TRY IT: What you return should be the full listing, word for word, without a single image.

RECORDS FOR PROCESSING:
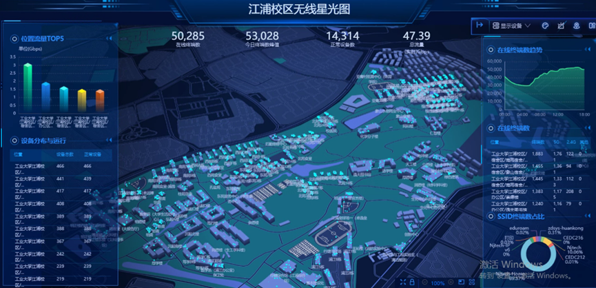通过无线星光图,学校运维人员可直观查看全校15000+无线 AP 的实时布局,精准定位每个AP的归属位置、运行状态及终端密度,实时监控接入用户数量及历史峰值,实现从 “设备管理” 到 “体验管理” 的升级。
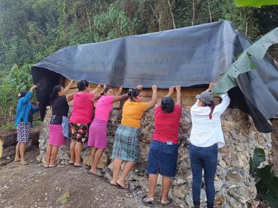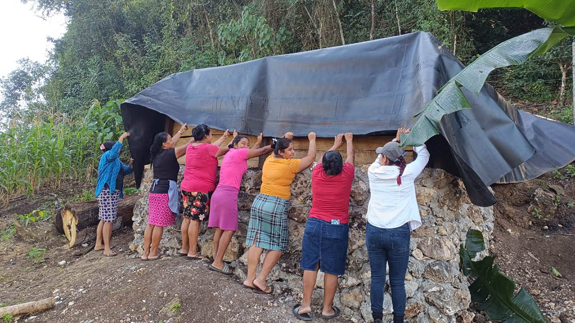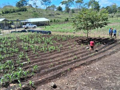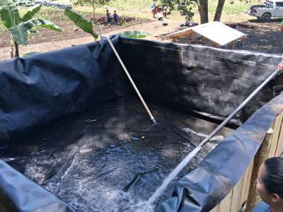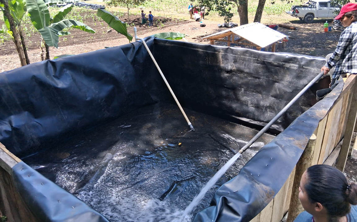 Se realizó la instalación de una geomembrana para la captación y almacenamiento de agua, junto con un sistema de microriego para la implementación de un huerto mixto en el municipio de Poptún, Petén.
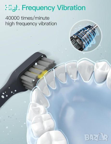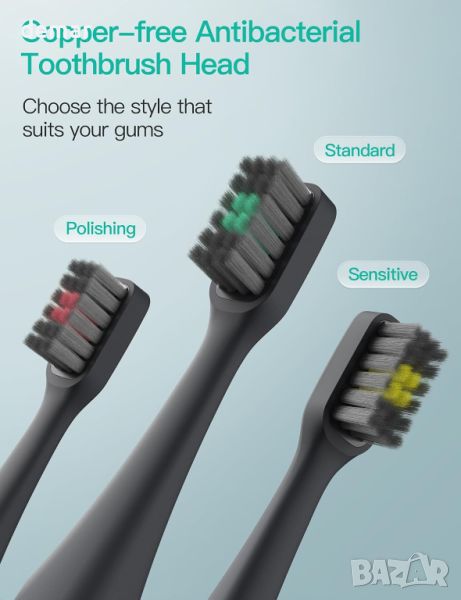 Тази четка за зъби с елегантна метална дръжка и основа в модернистичен стил е идеална за декориране на вашата баня. Тя разполага с три нива на твърдост: червено-полиране, зелено-средно и жълто-меко. Главата на четката с меко гумено покритие предпазва устната ви лигавица, докато влакната, напоени с въглен, осигуряват ефективно избелване на зъбите. Комплектът включва една глава на четка с червено - полиране, една глава на четка със зелено - средно, една глава с жълто - мека четка и една основа за зареждане.
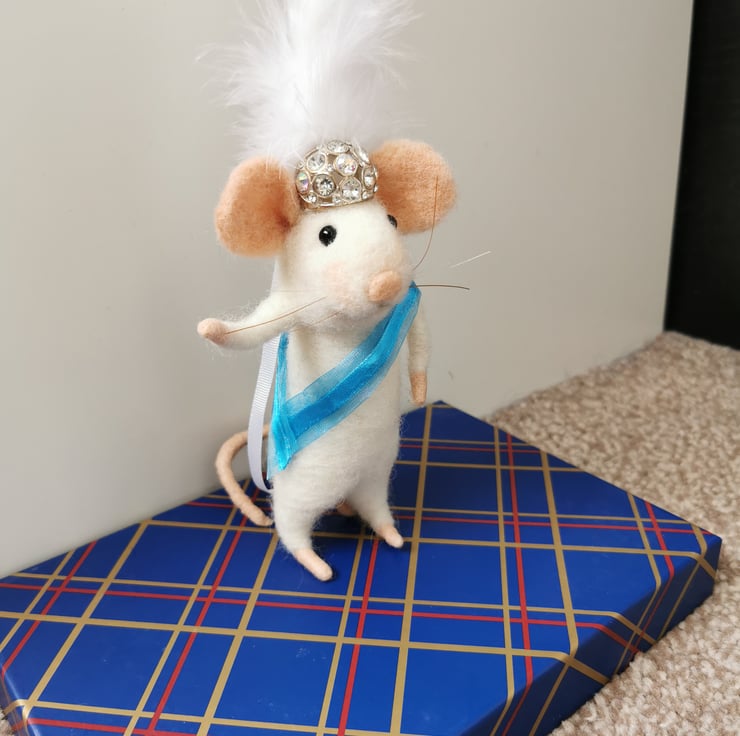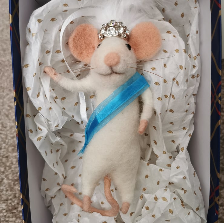Hand felted queen mouse with ribbon attached for hanging, decorated with blue ribbon and tiara
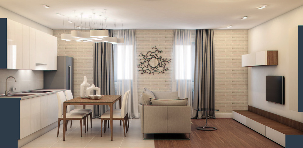 Об’єднання кухні і вітальні в більшості випадків сприяє поліпшенню виду приміщення. Часто це робиться у випадку, коли кухня має невеликі розміри. Завдяки об’єднанню двох кімнат відбувається візуальне збільшення.
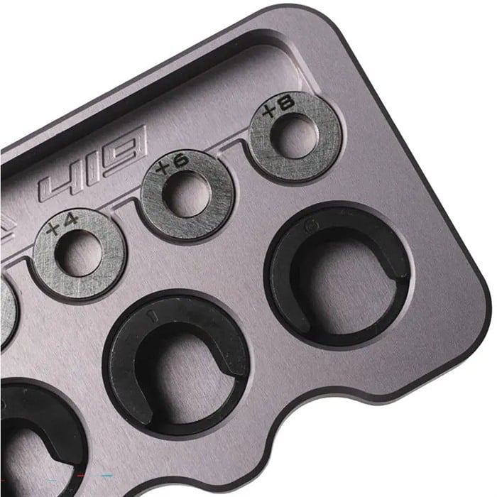 Disponible avec un système de montage spécifique au Zero ou un support de douille traditionnel, cela te permet de régler ton shoulder bump avec un ensemble de 6 inserts en acier inoxydable de précision, par paliers de .002″ à la fois.
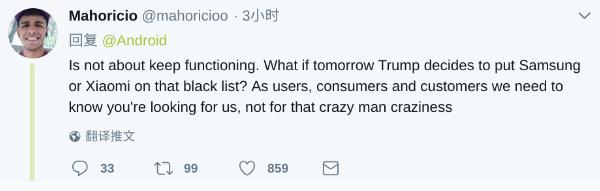 值得一提的是,華為被禁一事,似乎不僅國人在擔憂,比如 Android 賬號這條推特下有許多外國人都對該事件表示不解與反對。其中最熱的一條留言表示:“問題的關鍵不是服務還能不能用。如果明天特朗普決定將三星或小米列入黑名單呢?作為用戶、消費者和客戶,我們需要知道你們在乎的是我們的感受,而不是那個瘋子的。”
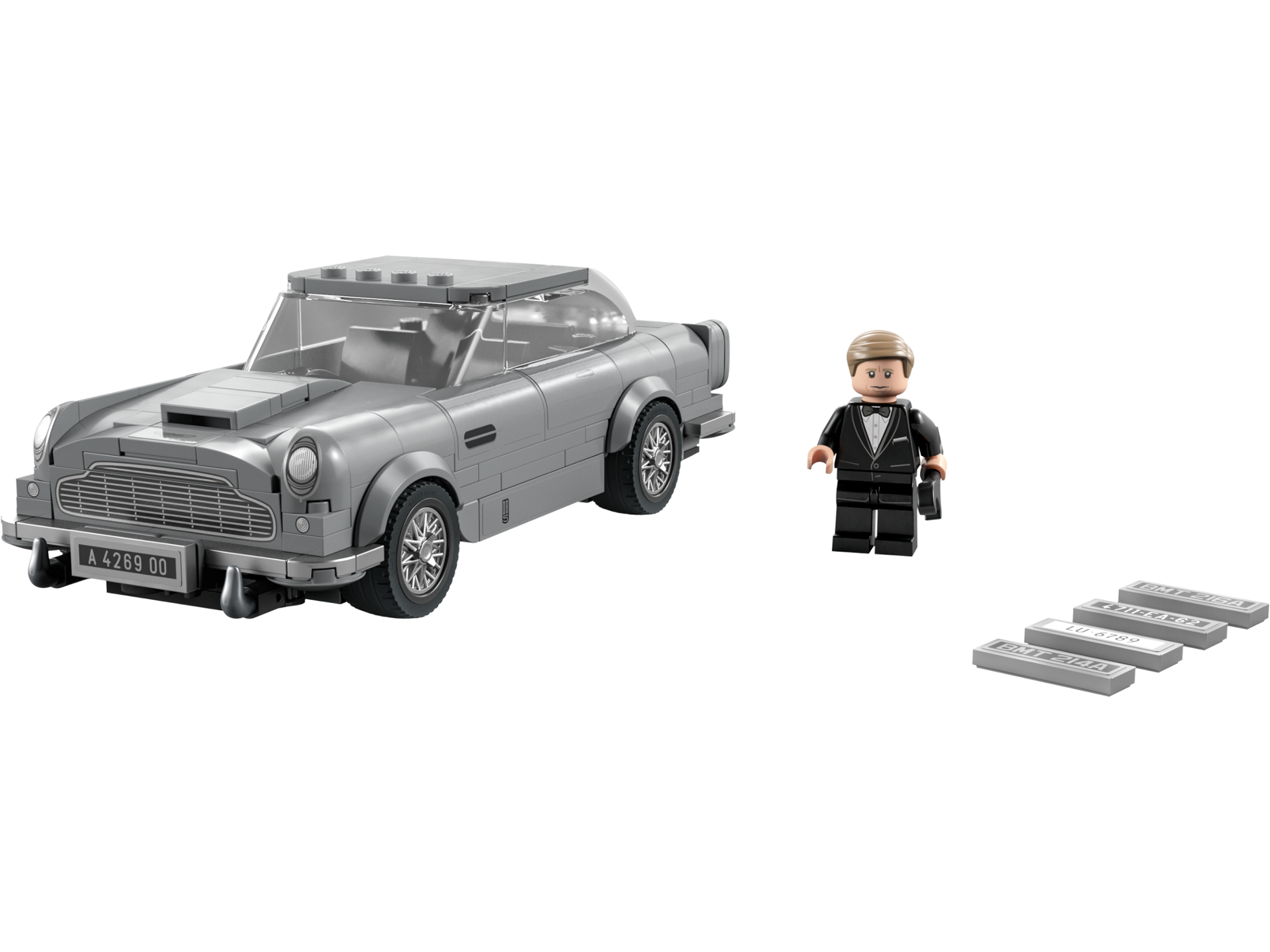 Знаменитый автомобиль Aston Martin DB5 агента 007 и фигурку Джеймса Бонда, показанных в фильме “Не время умирать”, можно собрать из Lego 76911 серии Speed Champions.

WRITTEN RESPONSE:
通过无线星光图,学校运维人员可直观查看全校15000+无线 AP 的实时布局,精准定位每个AP的归属位置、运行状态及终端密度,实时监控接入用户数量及历史峰值,实现从 “设备管理” 到 “体验管理” 的升级。
 Se realizó la instalación de una geomembrana para la captación y almacenamiento de agua, junto con un sistema de microriego para la implementación de un huerto mixto en el municipio de Poptún, Petén.
 Тази четка за зъби с елегантна метална дръжка и основа в модернистичен стил е идеална за декориране на вашата баня. Тя разполага с три нива на твърдост: червено-полиране, зелено-средно и жълто-меко. Главата на четката с меко гумено покритие предпазва устната ви лигавица, докато влакната, напоени с въглен, осигуряват ефективно избелване на зъбите. Комплектът включва една глава на четка с червено - полиране, една глава на четка със зелено - средно, една глава с жълто - мека четка и една основа за зареждане.
Hand felted queen mouse with ribbon attached for hanging, decorated with blue ribbon and tiara
 Об’єднання кухні і вітальні в більшості випадків сприяє поліпшенню виду приміщення. Часто це робиться у випадку, коли кухня має невеликі розміри. Завдяки об’єднанню двох кімнат відбувається візуальне збільшення.
 Disponible avec un système de montage spécifique au Zero ou un support de douille traditionnel, cela te permet de régler ton shoulder bump avec un ensemble de 6 inserts en acier inoxydable de précision, par paliers de .002″ à la fois.
 值得一提的是,華為被禁一事,似乎不僅國人在擔憂,比如 Android 賬號這條推特下有許多外國人都對該事件表示不解與反對。其中最熱的一條留言表示:“問題的關鍵不是服務還能不能用。如果明天特朗普決定將三星或小米列入黑名單呢?作為用戶、消費者和客戶,我們需要知道你們在乎的是我們的感受,而不是那個瘋子的。”
 Знаменитый автомобиль Aston Martin DB5 агента 007 и фигурку Джеймса Бонда, показанных в фильме “Не время умирать”, можно собрать из Lego 76911 серии Speed Champions.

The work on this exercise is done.